### ASSIGNED TASK
Find the line with "Упаковка из полипропиленовых" in the data below. Repeat it and every line after it up to the end, exactly, but drop the pictures.

### DATA BELOW
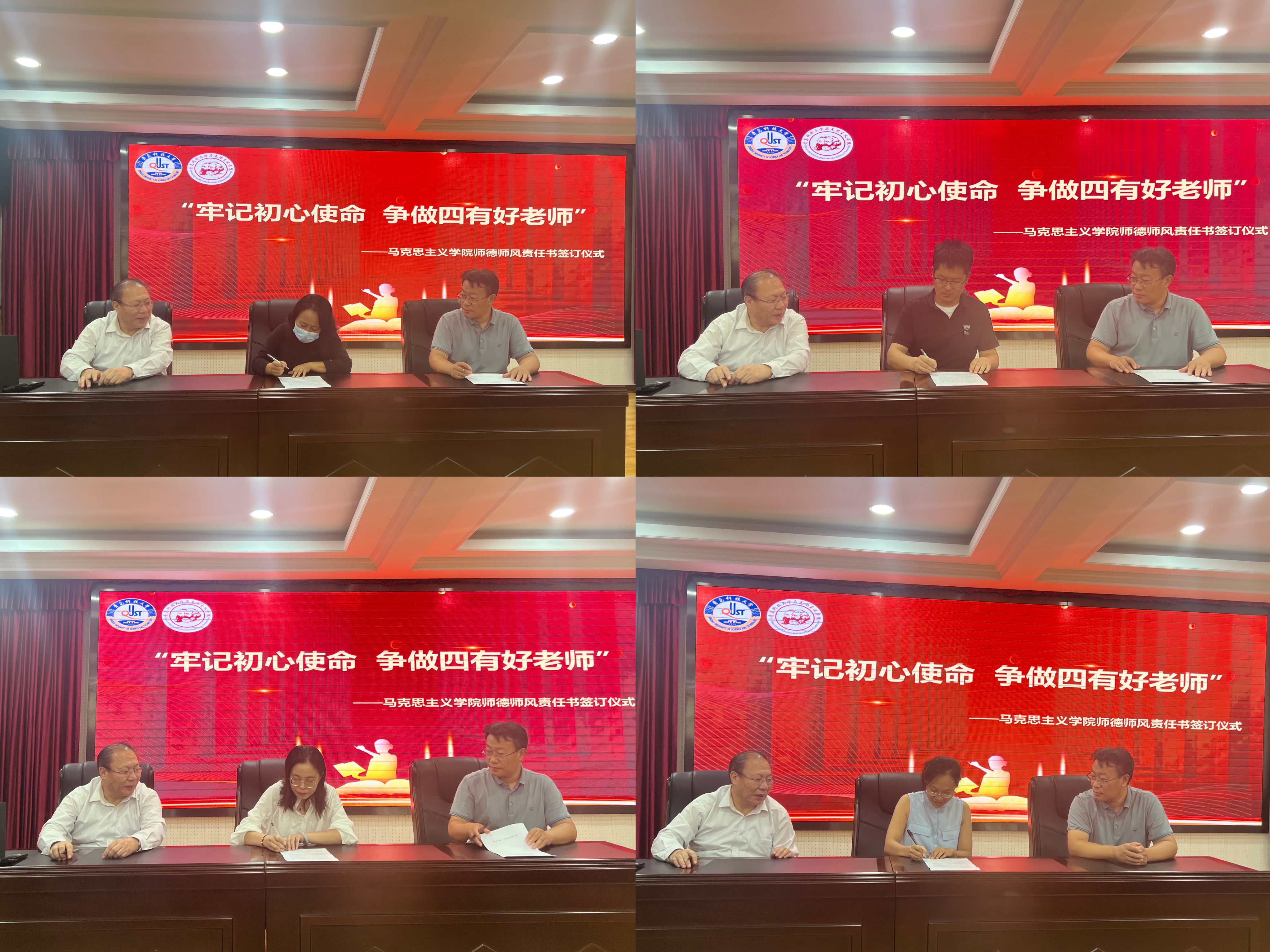 公司党政负责人与各教研室主任“牢记初心使命 争做四有好老师”师德师风建设责任书。各党支部书记、教研室主任与本教研室教师签订师德师风建设责任书。
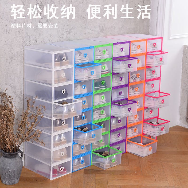 Упаковка из полипропиленовых обувных коробок с 2-6 выдвижными ящиками, утолщенных, прозрачных и штабелируемых обувных коробок, бытовых коробок для хранения различных вещей.
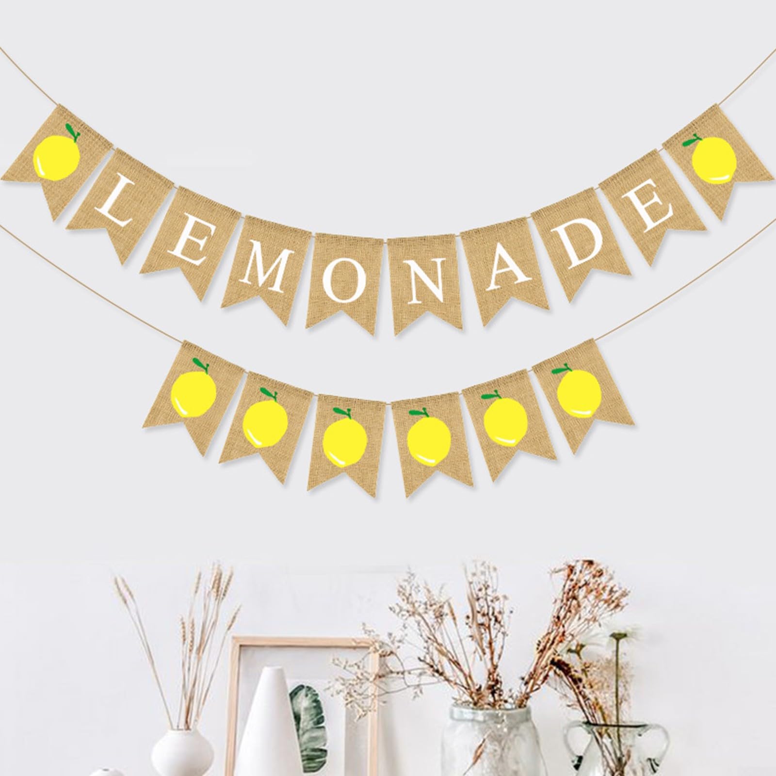 Sommer, Sonne, Limonadenstand! Dieses niedliche Banner aus natürlicher Jute macht jede Party perfekt. Mit 'Lemonade'-Aufschrift und Zitronen-Motiven. Jede Flagge 13x18 cm groß, schon fertig bespannt und montiert - in Minuten aufgehängt. Super für Geburtstage, Sommerfeste oder als Deko im Kinderzimmer. Drinnen und draußen einsetzbar, an Zweigen, Decken oder überm Kamin. Bringt sofort Urlaubsfeeling in dein Zuhause!

### EXERCISE SOLUTION
 Упаковка из полипропиленовых обувных коробок с 2-6 выдвижными ящиками, утолщенных, прозрачных и штабелируемых обувных коробок, бытовых коробок для хранения различных вещей.
 Sommer, Sonne, Limonadenstand! Dieses niedliche Banner aus natürlicher Jute macht jede Party perfekt. Mit 'Lemonade'-Aufschrift und Zitronen-Motiven. Jede Flagge 13x18 cm groß, schon fertig bespannt und montiert - in Minuten aufgehängt. Super für Geburtstage, Sommerfeste oder als Deko im Kinderzimmer. Drinnen und draußen einsetzbar, an Zweigen, Decken oder überm Kamin. Bringt sofort Urlaubsfeeling in dein Zuhause!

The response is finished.